Tuesday, March 25, 2014

Exxon's Solid 2013 Positions It Well for The Near-Term Future

Mutual fund investors who managed to avoid the global, integrated oil companies in the fourth quarter did well, and those who bought oil field services companies improved their performance relative to benchmarks. But, as prosaic and unloved as these companies (Exxon Mobil, Chevron, Shell, Total, and BP) are, they will be important to global development and to portfolios in the future.

Value oriented investors tended to take positions in Chevron, which has awakened to the importance of returns on capital for growth and portfolio management in the future.  If their returns improve, their stock should do well, since it is relatively cheaper than Exxon.

Exxon's 2013 after-tax earnings from Upstream activities were $26,841 million, down about $3 billion from 2012.  This decline was driven by foreign operations with after-tax earnings of $22,650 million, down $3 billion from 2012.  U.S. operations had a good year. Higher gas realizations ($4.60/kcf vs.$3.90/kcf worldwide) were offset by lower realizations on petroleum liquids; the net increment to earnings was $390 million. Adjusted production was flat.

Upstream activities generated a return on average capital employed of 17.5%, with average capital employed at $152,969 million and capital expenditures of $38,321 million.  The portfolio mix of projects coming on stream around the world (six major projects including the Kearl Athabasca tar sands project in Canada) is well balanced from fuels, geography, and technology viewpoints.

Chemicals had 2013 after-tax earnings of $3,828 million, and a ROACE of 18.5%; the capital base was $20,665 million and capital expenditures were $1,832 million.  The bulk of chemical earnings, $2,755 million, came from U.S. operations, and this is where continuing opportunities for volume growth and profit improvements exist out to 2018 in the current plans.
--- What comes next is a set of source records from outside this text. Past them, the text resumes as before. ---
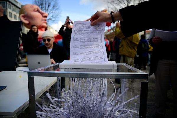 A protester feeds an election ballot into a shredder machine during a performance in front of the Russian embassy in Berlin, where voters lined up to cast their ballots in the Russia's presidential election on March 17.TOBIAS SCHWARZ/Getty Images
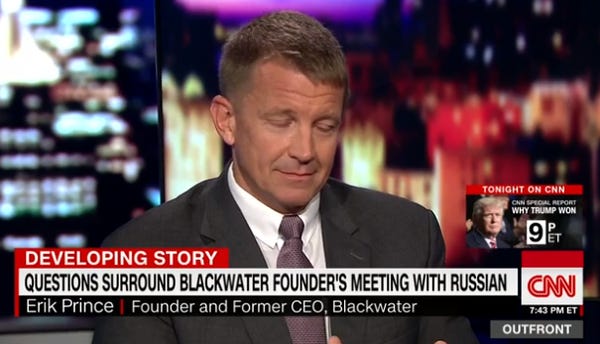 Way back in January, Erik Prince, the baby-faced Blackwater sadist who probably used to play Smear The Queer with Education Secretary Betsy DeVos, because of how they are sisters, went to the Seychelles as an "unofficial" representative of the Trump transition, for a meeting brokered by an Emirati sheik. The ostensible purpose? To set up some kind of weird back channel between Trump and Russia, somehow related to foreign policy in the Middle East.
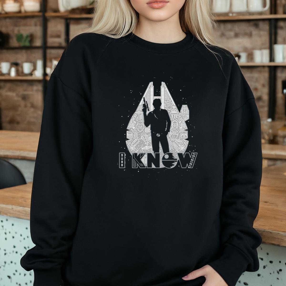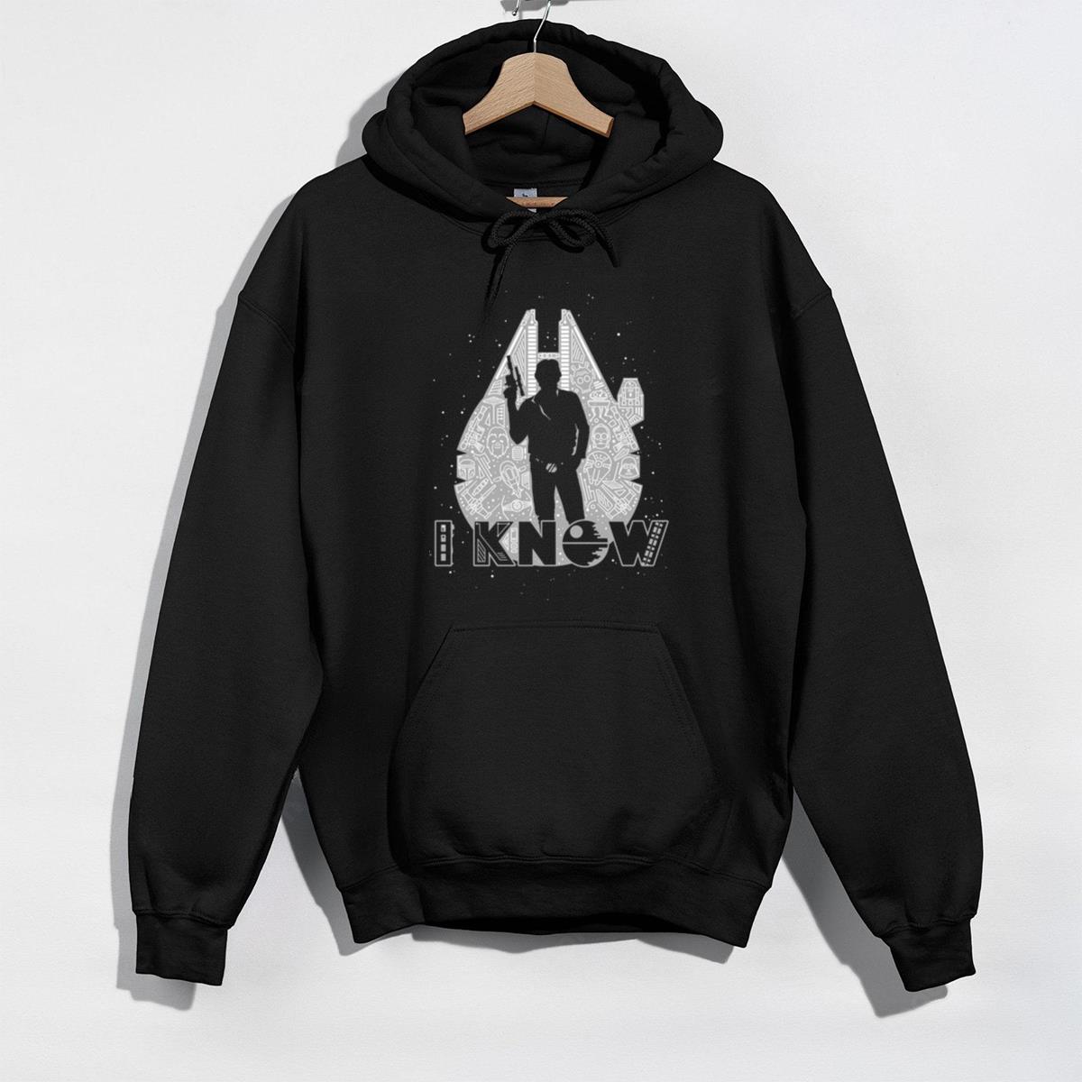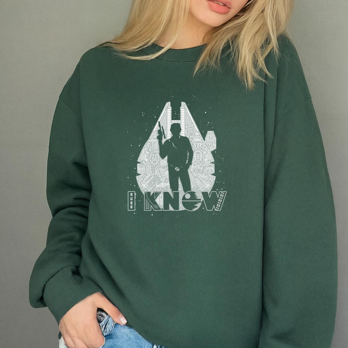 Sci-Fi Han Solo ‘I Know’ Graphic Tee, Millennium Falcon Silhouette T-Shirt

Exxon is the largest chemical and natural gas producer in the United States.

Downstream operations, including retail gasoline operations, generated after-tax earnings of $3,449 million, with an ROACE of 14.1%.  U.S. operations generated earnings of $2,199 million in 2013. Overall, Exxon's returns on capital continue to be superior to its four peers listed above, no matter what the macroeconomic environment.

Over the next five years, the company expects oil-equivalent production from North America to grow from 32% of production currently to 35%.  Over the same period, LNG production is expected to increase to 55% of production on an oil-equivalent basis from 45% today.  Both of these mix shifts should be positive.

Exxon's $19 billion LNG project in Papua New Guinea is slated to load its first cargo in 2014.  This 6.9 million metric ton per annum project is extremely complex from the engineering, logistical and environmental management standpoints.  PNG is a difficult environment in which to get projects done, as they dithered for years on a seabed mining project, putting it though endless hoops that, along with a global recession, eventually put the project in a deep freeze.

This project's output will be primarily for export,and so it should be a great laboratory for our domestic cries to export LNG from the U.S. Exxon's project, in which it has a 33% operating stake, includes 253 miles of subsea pipelines connecting eight gas fields, with a gas conditioning plant and the liquefaction plant.  One of the real moats that Exxon has around its business is the depth and scale of engineering, procurement and project management expertise that permits it to work in all kinds of challenging physical environments.

Regulatory and compliance expense for all the global majors has been increasing much faster than revenue or profit volumes.  It is good to see the company organizing itself into nine or more cross-organizational teams to deal with global issues like Risk Assessment and Management and Incident Investigation and Analysis. This seems like a way of organizing that makes sense for the business, as opposed to checking a box required by incoherent legislation.

Despite having a robust capital spending plan and returning $25.9 billion to shareholders (the stock has a 2.6% dividend yield even after the run-up), Exxon filed a $5.5 billion shelf for a multi-part debt offering, with a AAA rating from both Moody's and from Standard and Poor's.  Proceeds will be for capital spending, acquisitions, and for refinancing of commercial paper.

A strong balance sheet along with disciplined capital utilization is a good tonic for shareholders.